Module 6.4
Production Infrastructure
An agent that works on your laptop is a prototype. An agent that works for real users at 2am when you're asleep is a product. The gap between those two is production infrastructure — and it's larger than most people expect the first time they cross it.
This module covers the four layers you need: packaging (Docker Compose), deployment (cloud platforms), observability (monitoring), and reliability (CI/CD, alerting).
The Docker Compose Stack
Docker Compose is the standard packaging format for agent stacks. The same configuration that runs locally runs in production — no rewrites, no environment drift.

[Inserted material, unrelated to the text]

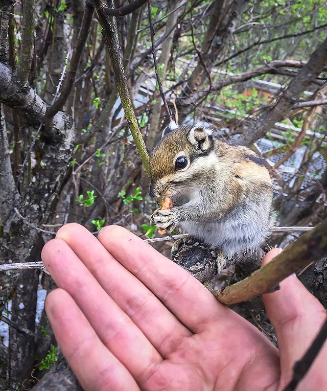 我发现它时,它在路边的树上蹿来跳去,然后站在一个高枝上认真的看着我,我掏出早已准备好的花生伸向它,它似乎心领神会一样,嗖嗖的就窜到我的面前,在我的手边打量了一番,感觉我并不是“危险份子”,就爬到我的手上抓走花生,香甜的吃起来。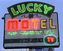 The Lucky Motel in Las Vegas still lights up the sky. And yes,

A typical agent stack has five services:
# docker-compose.yml
services:
agent:
build: .
environment:
- ANTHROPIC_API_KEY=${ANTHROPIC_API_KEY}
depends_on: [redis, vectordb]
vectordb:
image: chromadb/chroma:latest # or pinecone, weaviate
volumes:
- chroma_data:/data
redis:
image: redis:7-alpine
command: redis-server --save 60 1 # persist to disk
volumes:
- redis_data:/data
api:
image: nginx:alpine # reverse proxy + rate limiting
ports:
- "80:80"
depends_on: [agent]
volumes:
chroma_data:
redis_data:Why each layer: Vector DB for semantic memory and RAG. Redis for session state, caching, distributed locks (prevents race conditions when multiple agent instances run). API gateway for rate limiting, authentication, and routing. The agent itself is stateless — state lives in Redis and the vector DB, which means you can scale agent instances horizontally without coordination issues.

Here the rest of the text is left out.